[[ DATA SHOWN, beginning ]]

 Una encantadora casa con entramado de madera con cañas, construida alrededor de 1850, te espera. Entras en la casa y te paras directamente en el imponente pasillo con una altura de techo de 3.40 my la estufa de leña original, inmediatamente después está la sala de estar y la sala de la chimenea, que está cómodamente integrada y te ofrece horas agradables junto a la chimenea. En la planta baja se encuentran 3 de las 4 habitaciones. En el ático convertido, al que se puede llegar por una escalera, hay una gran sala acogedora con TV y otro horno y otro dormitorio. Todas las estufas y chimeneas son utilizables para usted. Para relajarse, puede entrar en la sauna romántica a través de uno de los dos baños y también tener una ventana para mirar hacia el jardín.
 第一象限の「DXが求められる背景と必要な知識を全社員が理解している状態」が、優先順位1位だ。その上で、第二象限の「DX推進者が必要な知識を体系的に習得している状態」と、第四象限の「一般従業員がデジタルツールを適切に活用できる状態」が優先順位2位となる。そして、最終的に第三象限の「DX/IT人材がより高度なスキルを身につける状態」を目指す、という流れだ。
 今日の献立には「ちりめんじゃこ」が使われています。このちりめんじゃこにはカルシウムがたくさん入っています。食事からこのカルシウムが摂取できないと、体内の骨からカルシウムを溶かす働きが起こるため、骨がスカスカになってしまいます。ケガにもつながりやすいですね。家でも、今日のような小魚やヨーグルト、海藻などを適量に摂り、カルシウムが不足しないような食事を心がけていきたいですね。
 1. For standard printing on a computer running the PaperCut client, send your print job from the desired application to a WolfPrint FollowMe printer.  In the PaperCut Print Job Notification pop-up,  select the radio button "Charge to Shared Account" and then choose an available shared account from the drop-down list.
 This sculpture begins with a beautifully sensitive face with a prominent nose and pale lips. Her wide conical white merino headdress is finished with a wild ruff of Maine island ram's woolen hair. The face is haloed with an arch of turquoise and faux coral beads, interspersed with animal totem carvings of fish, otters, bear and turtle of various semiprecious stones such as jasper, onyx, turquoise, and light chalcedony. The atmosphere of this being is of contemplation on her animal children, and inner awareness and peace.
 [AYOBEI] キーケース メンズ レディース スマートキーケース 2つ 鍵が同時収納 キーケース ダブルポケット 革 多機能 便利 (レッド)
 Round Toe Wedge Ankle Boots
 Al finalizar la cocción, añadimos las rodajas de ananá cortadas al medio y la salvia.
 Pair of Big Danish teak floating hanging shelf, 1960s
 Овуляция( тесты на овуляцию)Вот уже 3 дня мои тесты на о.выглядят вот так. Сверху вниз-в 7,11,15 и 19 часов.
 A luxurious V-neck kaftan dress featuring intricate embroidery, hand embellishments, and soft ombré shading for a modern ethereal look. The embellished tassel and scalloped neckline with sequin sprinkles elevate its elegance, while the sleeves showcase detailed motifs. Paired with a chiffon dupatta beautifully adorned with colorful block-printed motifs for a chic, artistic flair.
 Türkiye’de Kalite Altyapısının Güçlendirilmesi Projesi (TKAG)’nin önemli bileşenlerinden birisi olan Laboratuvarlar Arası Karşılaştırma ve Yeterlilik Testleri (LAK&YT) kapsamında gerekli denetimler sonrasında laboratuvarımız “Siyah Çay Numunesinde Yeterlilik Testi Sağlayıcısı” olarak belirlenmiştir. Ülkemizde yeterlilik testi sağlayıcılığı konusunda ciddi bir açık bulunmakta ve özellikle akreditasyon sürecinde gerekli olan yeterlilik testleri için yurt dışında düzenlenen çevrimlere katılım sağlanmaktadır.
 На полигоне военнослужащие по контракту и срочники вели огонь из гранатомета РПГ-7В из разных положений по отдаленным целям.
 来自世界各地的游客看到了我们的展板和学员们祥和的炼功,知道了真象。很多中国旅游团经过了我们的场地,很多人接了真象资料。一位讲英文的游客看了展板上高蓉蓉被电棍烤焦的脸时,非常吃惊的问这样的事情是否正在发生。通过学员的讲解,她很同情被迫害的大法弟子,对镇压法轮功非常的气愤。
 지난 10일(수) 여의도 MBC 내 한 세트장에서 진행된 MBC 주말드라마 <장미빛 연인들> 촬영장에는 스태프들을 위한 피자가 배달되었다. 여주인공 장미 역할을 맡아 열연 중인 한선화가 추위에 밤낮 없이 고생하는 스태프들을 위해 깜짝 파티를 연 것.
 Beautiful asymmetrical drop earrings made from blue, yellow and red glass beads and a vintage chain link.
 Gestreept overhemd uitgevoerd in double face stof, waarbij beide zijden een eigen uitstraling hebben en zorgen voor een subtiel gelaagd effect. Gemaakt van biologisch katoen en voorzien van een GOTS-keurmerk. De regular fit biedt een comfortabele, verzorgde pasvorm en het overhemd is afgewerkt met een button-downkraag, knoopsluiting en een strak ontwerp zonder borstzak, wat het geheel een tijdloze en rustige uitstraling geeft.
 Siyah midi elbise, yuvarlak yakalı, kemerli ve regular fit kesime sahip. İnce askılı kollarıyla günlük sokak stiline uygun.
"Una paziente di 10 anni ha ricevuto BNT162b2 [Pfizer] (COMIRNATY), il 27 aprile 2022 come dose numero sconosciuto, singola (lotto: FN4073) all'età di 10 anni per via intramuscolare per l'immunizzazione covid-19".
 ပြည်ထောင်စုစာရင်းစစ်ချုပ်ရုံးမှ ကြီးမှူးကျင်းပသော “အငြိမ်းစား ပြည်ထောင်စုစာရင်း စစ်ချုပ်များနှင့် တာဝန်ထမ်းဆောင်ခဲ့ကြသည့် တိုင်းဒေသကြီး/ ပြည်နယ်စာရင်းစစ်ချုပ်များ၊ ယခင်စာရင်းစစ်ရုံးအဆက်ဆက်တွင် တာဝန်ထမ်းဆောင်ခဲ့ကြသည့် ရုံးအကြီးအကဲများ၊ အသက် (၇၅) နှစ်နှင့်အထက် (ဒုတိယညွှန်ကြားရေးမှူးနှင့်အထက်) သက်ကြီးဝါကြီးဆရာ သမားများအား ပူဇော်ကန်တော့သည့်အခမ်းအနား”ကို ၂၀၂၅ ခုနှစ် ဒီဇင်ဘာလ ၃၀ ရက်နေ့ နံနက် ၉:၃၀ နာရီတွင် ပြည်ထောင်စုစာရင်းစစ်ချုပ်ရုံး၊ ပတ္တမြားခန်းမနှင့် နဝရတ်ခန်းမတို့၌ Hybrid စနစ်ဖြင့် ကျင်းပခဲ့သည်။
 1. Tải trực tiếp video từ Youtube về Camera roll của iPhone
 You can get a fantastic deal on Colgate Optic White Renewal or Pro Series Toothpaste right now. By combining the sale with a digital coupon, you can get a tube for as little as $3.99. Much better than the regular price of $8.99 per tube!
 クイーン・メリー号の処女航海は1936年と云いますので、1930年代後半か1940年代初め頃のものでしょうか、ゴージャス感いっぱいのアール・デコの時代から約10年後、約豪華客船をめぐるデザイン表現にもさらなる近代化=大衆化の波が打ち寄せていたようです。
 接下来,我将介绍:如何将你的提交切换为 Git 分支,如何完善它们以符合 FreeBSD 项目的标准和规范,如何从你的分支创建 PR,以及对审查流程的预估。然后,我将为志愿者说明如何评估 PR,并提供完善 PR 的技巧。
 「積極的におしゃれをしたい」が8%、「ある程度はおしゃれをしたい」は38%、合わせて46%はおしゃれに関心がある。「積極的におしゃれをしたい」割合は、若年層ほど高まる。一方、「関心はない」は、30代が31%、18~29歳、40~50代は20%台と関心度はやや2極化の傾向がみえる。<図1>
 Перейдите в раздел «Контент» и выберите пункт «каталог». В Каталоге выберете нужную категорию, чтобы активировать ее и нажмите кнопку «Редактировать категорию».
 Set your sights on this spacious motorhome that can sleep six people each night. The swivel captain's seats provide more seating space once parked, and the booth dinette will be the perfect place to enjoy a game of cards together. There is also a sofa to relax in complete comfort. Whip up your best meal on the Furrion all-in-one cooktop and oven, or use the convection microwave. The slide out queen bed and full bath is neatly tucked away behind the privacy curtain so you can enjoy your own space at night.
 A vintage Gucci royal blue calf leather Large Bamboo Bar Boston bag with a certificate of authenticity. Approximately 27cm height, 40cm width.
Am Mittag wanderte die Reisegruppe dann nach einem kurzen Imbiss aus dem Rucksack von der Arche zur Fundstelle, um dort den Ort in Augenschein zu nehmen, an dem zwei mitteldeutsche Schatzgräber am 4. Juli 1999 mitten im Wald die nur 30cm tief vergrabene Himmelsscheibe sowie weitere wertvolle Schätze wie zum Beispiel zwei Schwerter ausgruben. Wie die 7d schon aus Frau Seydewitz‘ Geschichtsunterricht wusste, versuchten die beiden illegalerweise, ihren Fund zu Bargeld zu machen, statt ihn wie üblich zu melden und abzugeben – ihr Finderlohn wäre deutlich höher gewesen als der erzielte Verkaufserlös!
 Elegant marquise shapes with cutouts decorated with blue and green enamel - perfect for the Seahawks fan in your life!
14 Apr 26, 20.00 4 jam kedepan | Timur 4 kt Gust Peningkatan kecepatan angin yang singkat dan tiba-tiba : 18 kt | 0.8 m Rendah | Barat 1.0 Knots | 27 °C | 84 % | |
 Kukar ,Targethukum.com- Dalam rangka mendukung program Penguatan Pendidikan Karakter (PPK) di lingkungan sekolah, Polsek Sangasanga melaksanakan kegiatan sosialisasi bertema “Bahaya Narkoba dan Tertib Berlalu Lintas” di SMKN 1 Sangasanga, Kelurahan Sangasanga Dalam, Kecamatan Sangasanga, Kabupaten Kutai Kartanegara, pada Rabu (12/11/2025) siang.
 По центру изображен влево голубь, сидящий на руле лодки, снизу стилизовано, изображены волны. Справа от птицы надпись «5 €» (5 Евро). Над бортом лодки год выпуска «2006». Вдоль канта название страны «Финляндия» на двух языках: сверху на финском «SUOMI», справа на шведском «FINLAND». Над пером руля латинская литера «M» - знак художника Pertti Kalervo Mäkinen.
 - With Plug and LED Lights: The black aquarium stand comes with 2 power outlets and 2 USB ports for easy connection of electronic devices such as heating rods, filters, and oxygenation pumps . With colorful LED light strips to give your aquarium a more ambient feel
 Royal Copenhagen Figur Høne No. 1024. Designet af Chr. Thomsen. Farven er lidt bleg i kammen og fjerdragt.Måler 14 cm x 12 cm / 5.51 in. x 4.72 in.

[[ DATA SHOWN, end ]]

_TASK REQUIREMENTS_.
Above is a listing; print exactly its lines from the one with "Al finalizar la" through the one with "Овуляция( тесты на", and no other lines.

_OUTPUT_.
 Al finalizar la cocción, añadimos las rodajas de ananá cortadas al medio y la salvia.
 Pair of Big Danish teak floating hanging shelf, 1960s
 Овуляция( тесты на овуляцию)Вот уже 3 дня мои тесты на о.выглядят вот так. Сверху вниз-в 7,11,15 и 19 часов.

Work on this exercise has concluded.